Give again, word for word, each line of the data from the first through the one containing "Podemos invertir puntos". Pictures stay out.

- [Recorded data]
┌──

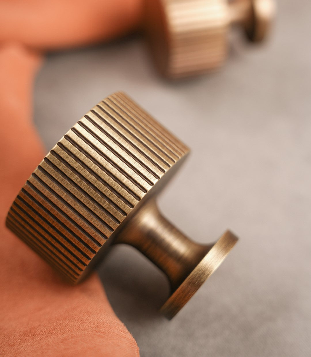 The Vortex 28mm Knob in antique bronze finish, adorned with a stripped lines effect, brings a refined vintage touch to cabinets and furniture.
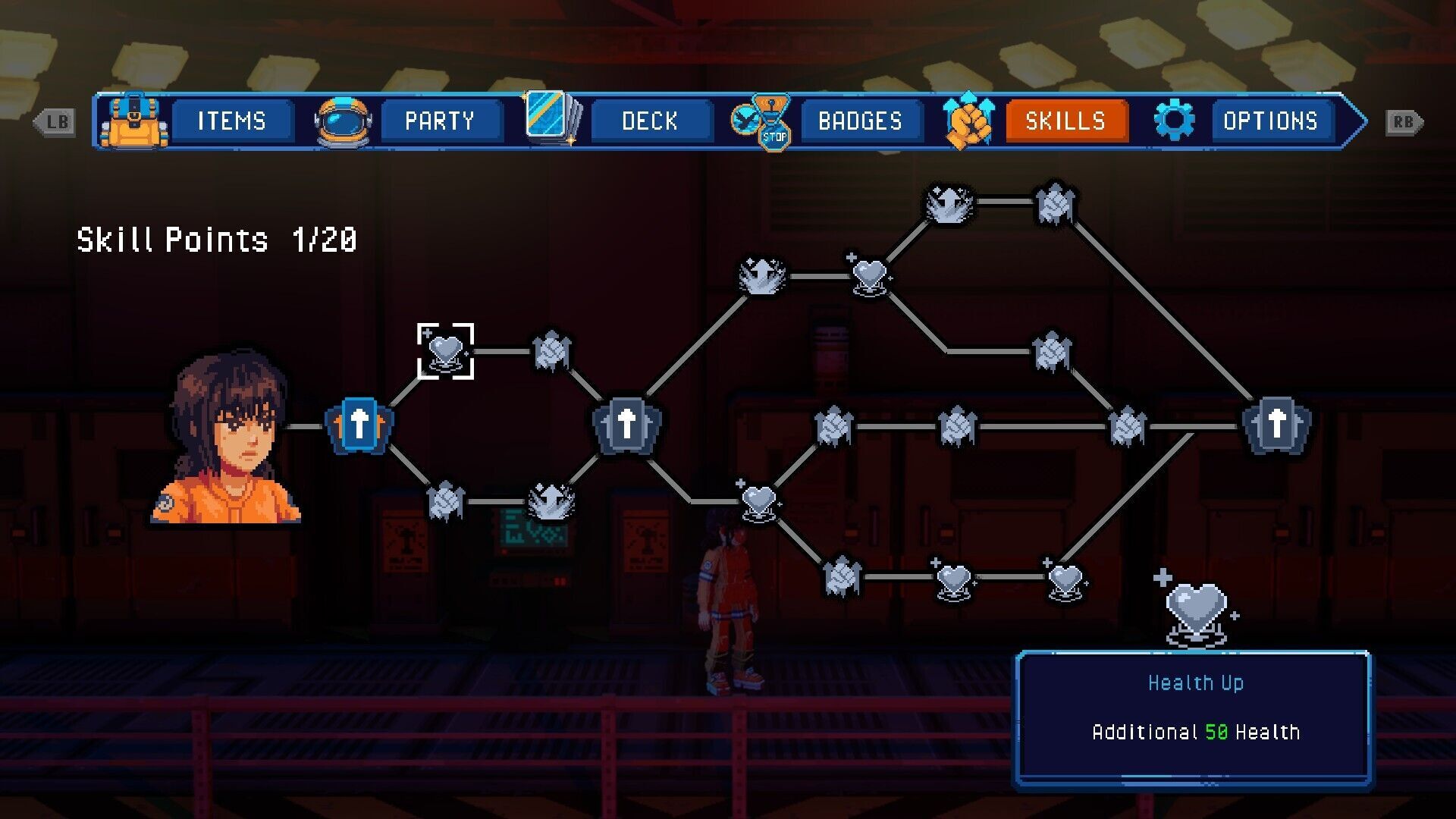 Podemos invertir puntos en un árbol de habilidades y equiparnos medallas para mejorar a nuestro personaje.
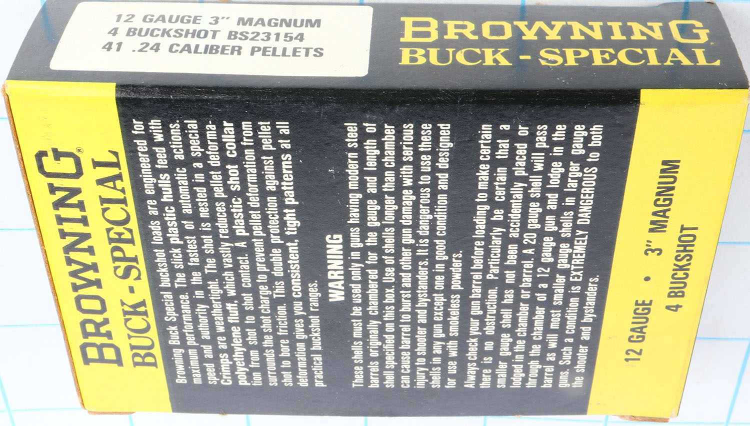 Browning, Buck Special, 12ga., 1pc., Full, shot size 4 Buckshot, 3'' Magnum, black, yellow & white box, box is solid with great color, shells are excellent. Grade: Excellent + - Value: 8 to 20

└──

- [Answer for this exercise]
 The Vortex 28mm Knob in antique bronze finish, adorned with a stripped lines effect, brings a refined vintage touch to cabinets and furniture.
 Podemos invertir puntos en un árbol de habilidades y equiparnos medallas para mejorar a nuestro personaje.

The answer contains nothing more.